• [What is being asked] All of the data that follows should be given again exactly, without its images.

• [Source material]
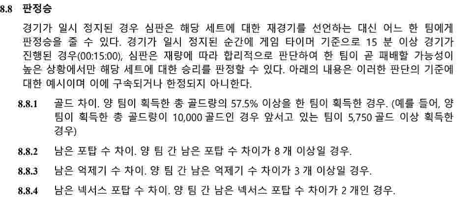 如果比赛暂停,裁判可以宣布该局重赛或者判给队伍其中一方获胜。在比赛暂停的瞬间,以游戏计时器为基准进行15分钟以上时,裁判根据合理判断,只有在一队很有可能即将失败的情况下,才能判定该局的胜利。以下内容是对这种判断标准的示例,并不受此约束或限定。
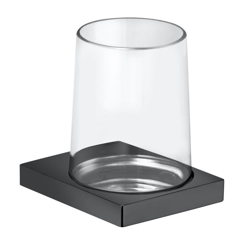 Стакан для зубных щеток с держателем KEUCO EDITION 11 11150139000 для ванной, хрусталь/латунь, хром черный шлифованный, ручная работа
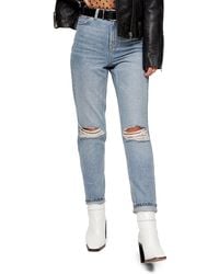- Bleach wash double rip mom jeans sale online

• [Expected answer]
 如果比赛暂停,裁判可以宣布该局重赛或者判给队伍其中一方获胜。在比赛暂停的瞬间,以游戏计时器为基准进行15分钟以上时,裁判根据合理判断,只有在一队很有可能即将失败的情况下,才能判定该局的胜利。以下内容是对这种判断标准的示例,并不受此约束或限定。
 Стакан для зубных щеток с держателем KEUCO EDITION 11 11150139000 для ванной, хрусталь/латунь, хром черный шлифованный, ручная работа
- Bleach wash double rip mom jeans sale online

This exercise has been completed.